> [Requirement]
The result should be a faithful copy of every entry below, with the pictures left out.

> [Source records]

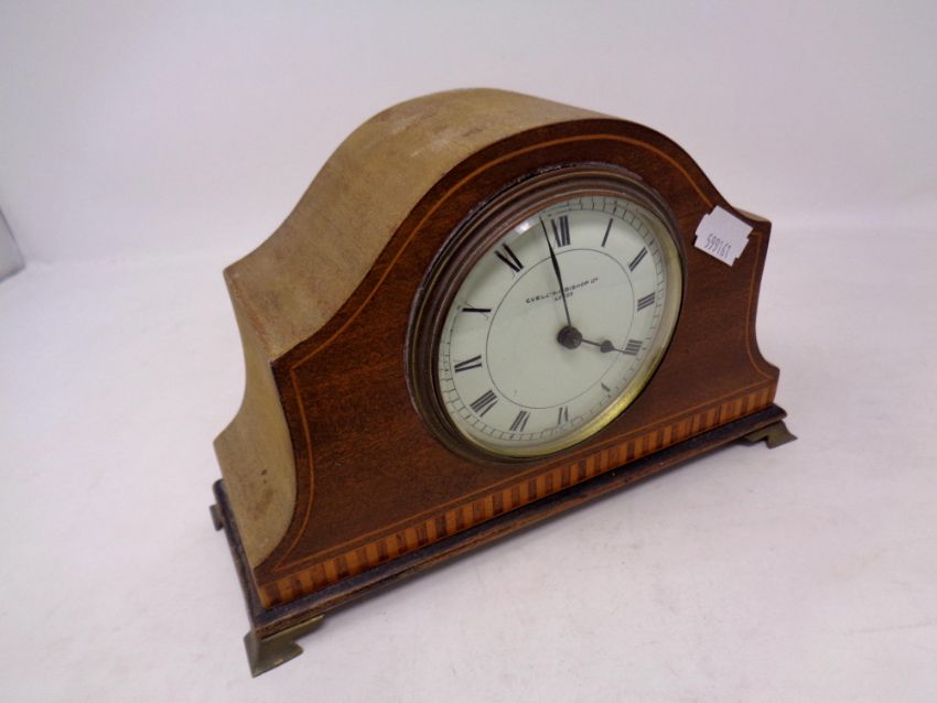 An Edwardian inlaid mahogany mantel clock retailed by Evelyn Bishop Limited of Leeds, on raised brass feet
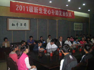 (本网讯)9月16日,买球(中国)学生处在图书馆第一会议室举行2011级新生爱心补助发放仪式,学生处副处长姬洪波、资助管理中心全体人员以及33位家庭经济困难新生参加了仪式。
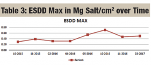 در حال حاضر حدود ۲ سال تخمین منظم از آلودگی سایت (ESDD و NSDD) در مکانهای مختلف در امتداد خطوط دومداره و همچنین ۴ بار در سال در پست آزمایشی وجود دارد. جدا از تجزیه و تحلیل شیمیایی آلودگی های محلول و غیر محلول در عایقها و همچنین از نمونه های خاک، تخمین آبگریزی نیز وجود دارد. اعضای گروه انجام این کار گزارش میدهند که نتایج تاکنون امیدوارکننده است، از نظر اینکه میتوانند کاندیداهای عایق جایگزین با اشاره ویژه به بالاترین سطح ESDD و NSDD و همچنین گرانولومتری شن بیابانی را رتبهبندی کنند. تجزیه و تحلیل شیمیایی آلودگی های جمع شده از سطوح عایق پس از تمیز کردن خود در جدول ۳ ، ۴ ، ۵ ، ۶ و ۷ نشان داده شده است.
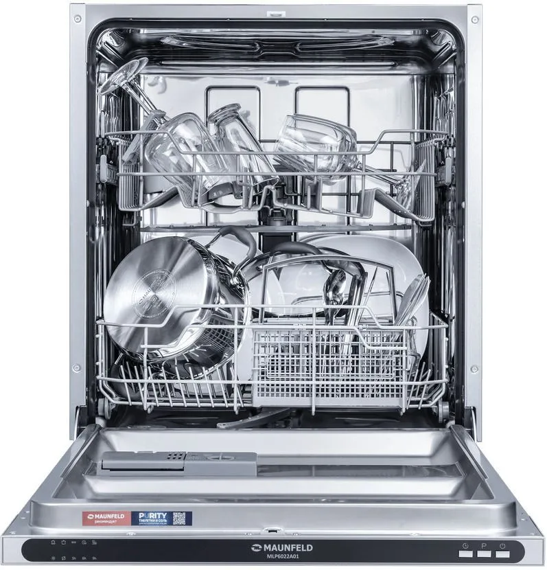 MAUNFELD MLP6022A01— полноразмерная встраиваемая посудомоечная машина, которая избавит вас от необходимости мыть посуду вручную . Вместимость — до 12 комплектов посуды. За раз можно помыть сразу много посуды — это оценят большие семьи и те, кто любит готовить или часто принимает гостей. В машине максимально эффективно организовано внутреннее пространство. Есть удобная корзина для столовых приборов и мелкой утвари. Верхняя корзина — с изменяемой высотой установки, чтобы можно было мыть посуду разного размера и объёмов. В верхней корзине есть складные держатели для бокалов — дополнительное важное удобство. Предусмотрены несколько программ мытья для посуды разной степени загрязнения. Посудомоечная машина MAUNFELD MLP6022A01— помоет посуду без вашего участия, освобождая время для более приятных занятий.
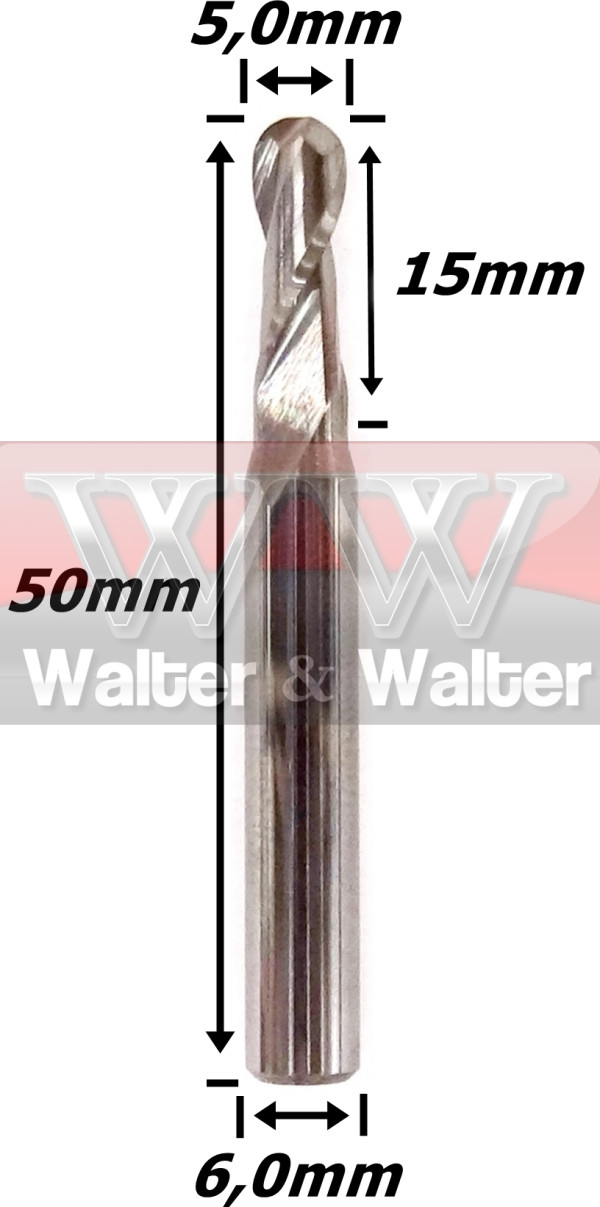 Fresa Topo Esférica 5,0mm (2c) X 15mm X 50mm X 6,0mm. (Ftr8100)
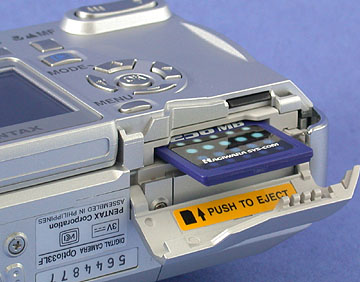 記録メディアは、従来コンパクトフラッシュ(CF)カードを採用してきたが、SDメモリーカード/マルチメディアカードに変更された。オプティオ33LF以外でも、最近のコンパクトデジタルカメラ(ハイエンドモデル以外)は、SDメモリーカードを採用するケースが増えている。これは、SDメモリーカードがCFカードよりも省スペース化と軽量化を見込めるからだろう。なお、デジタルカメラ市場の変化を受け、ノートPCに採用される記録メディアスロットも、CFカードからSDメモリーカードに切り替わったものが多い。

> [Response to the exercise]
 An Edwardian inlaid mahogany mantel clock retailed by Evelyn Bishop Limited of Leeds, on raised brass feet
 (本网讯)9月16日,买球(中国)学生处在图书馆第一会议室举行2011级新生爱心补助发放仪式,学生处副处长姬洪波、资助管理中心全体人员以及33位家庭经济困难新生参加了仪式。
 در حال حاضر حدود ۲ سال تخمین منظم از آلودگی سایت (ESDD و NSDD) در مکانهای مختلف در امتداد خطوط دومداره و همچنین ۴ بار در سال در پست آزمایشی وجود دارد. جدا از تجزیه و تحلیل شیمیایی آلودگی های محلول و غیر محلول در عایقها و همچنین از نمونه های خاک، تخمین آبگریزی نیز وجود دارد. اعضای گروه انجام این کار گزارش میدهند که نتایج تاکنون امیدوارکننده است، از نظر اینکه میتوانند کاندیداهای عایق جایگزین با اشاره ویژه به بالاترین سطح ESDD و NSDD و همچنین گرانولومتری شن بیابانی را رتبهبندی کنند. تجزیه و تحلیل شیمیایی آلودگی های جمع شده از سطوح عایق پس از تمیز کردن خود در جدول ۳ ، ۴ ، ۵ ، ۶ و ۷ نشان داده شده است.
 MAUNFELD MLP6022A01— полноразмерная встраиваемая посудомоечная машина, которая избавит вас от необходимости мыть посуду вручную . Вместимость — до 12 комплектов посуды. За раз можно помыть сразу много посуды — это оценят большие семьи и те, кто любит готовить или часто принимает гостей. В машине максимально эффективно организовано внутреннее пространство. Есть удобная корзина для столовых приборов и мелкой утвари. Верхняя корзина — с изменяемой высотой установки, чтобы можно было мыть посуду разного размера и объёмов. В верхней корзине есть складные держатели для бокалов — дополнительное важное удобство. Предусмотрены несколько программ мытья для посуды разной степени загрязнения. Посудомоечная машина MAUNFELD MLP6022A01— помоет посуду без вашего участия, освобождая время для более приятных занятий.
 Fresa Topo Esférica 5,0mm (2c) X 15mm X 50mm X 6,0mm. (Ftr8100)
 記録メディアは、従来コンパクトフラッシュ(CF)カードを採用してきたが、SDメモリーカード/マルチメディアカードに変更された。オプティオ33LF以外でも、最近のコンパクトデジタルカメラ(ハイエンドモデル以外)は、SDメモリーカードを採用するケースが増えている。これは、SDメモリーカードがCFカードよりも省スペース化と軽量化を見込めるからだろう。なお、デジタルカメラ市場の変化を受け、ノートPCに採用される記録メディアスロットも、CFカードからSDメモリーカードに切り替わったものが多い。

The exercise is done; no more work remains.